New Limits on Medicaid Generic Drug Reimbursement Proposed; Same Inadequate Result

By Kevin Schweers

Earlier this month the Centers for Medicare & Medicaid Services issued its fifth set of proposed Medicaid federal upper limits (FULs) for generic drug reimbursement, but it’s no better than its four predecessors for patients and their community pharmacists, NCPA recently wrote to the agency.

NCPA’s analysis of the list found “serious shortcomings that would result in devastating economic consequences for small business community pharmacies that serve Medicaid patients.” The NCPA letter to CMS also points out that, for hundreds of common, multi-source generic drugs, the latest proposed caps, or FULs, are lower than independent pharmacies’ current, market-based acquisition costs.

“If this set of FULs is implemented, it could result in the loss of access to community pharmacies for Medicaid patients,” NCPA wrote. “This could result in negative health consequences and sharply increased Medicaid costs for other health interventions if Medicaid patients cannot obtain their prescription medications.”

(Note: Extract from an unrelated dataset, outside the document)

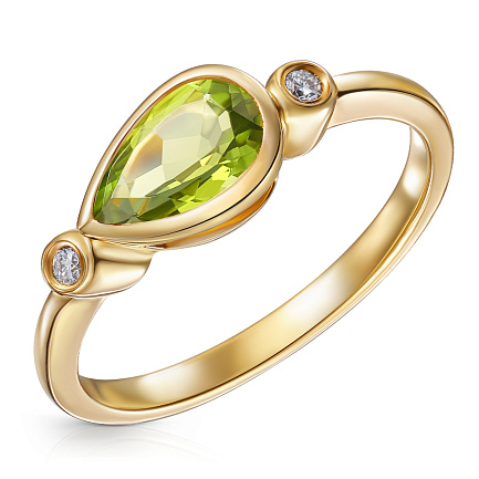 Кольцо из желтого золота с бриллиантами и хризолитом

The letter renews NCPA’s call for CMS to refrain from publishing additional FULs or from implementing them until a final rule can be put in place governing how manufacturers calculate their average manufacturer prices (AMPs), on which the FULs are based.  In addition, NCPA reiterated a number of points made in its previous letters to CMS, including the fact that most states set reimbursement below the federal reimbursement limits (worsening the impact of inadequate FULs)

Click here to read a copy of NCPA’s letter.

2 Responses to “New Limits on Medicaid Generic Drug Reimbursement Proposed; Same Inadequate Result”

  1. 1 kathy rothrock February 25, 2012 at 3:27 am

    I am SO FRUSTRATED, and TIRED of fighting! I THOUGHT it was ILLEGAL to sell below cost, so how do CMS and the PBMs, PAY us below cost??? What other profession, business, would put up with this kind of crap? NO OTHER BUSINESS PUTS UP WITH THIS !!! Nobody works themselves to death to lose money, then go out of business- nobody, except pharmacists. Maybe we are just crazy.

  2. 2 Van G. Coble Dph, CDM, FASCP February 27, 2012 at 4:38 am

    Until all pharmacists can agree on a real cost basis, we will continue with this insane debate! This real cost basis must be in conjunction with a real dispensing fee. A real cost basis would negate the need for MACs, FULs, and whatever other acronyms that apply.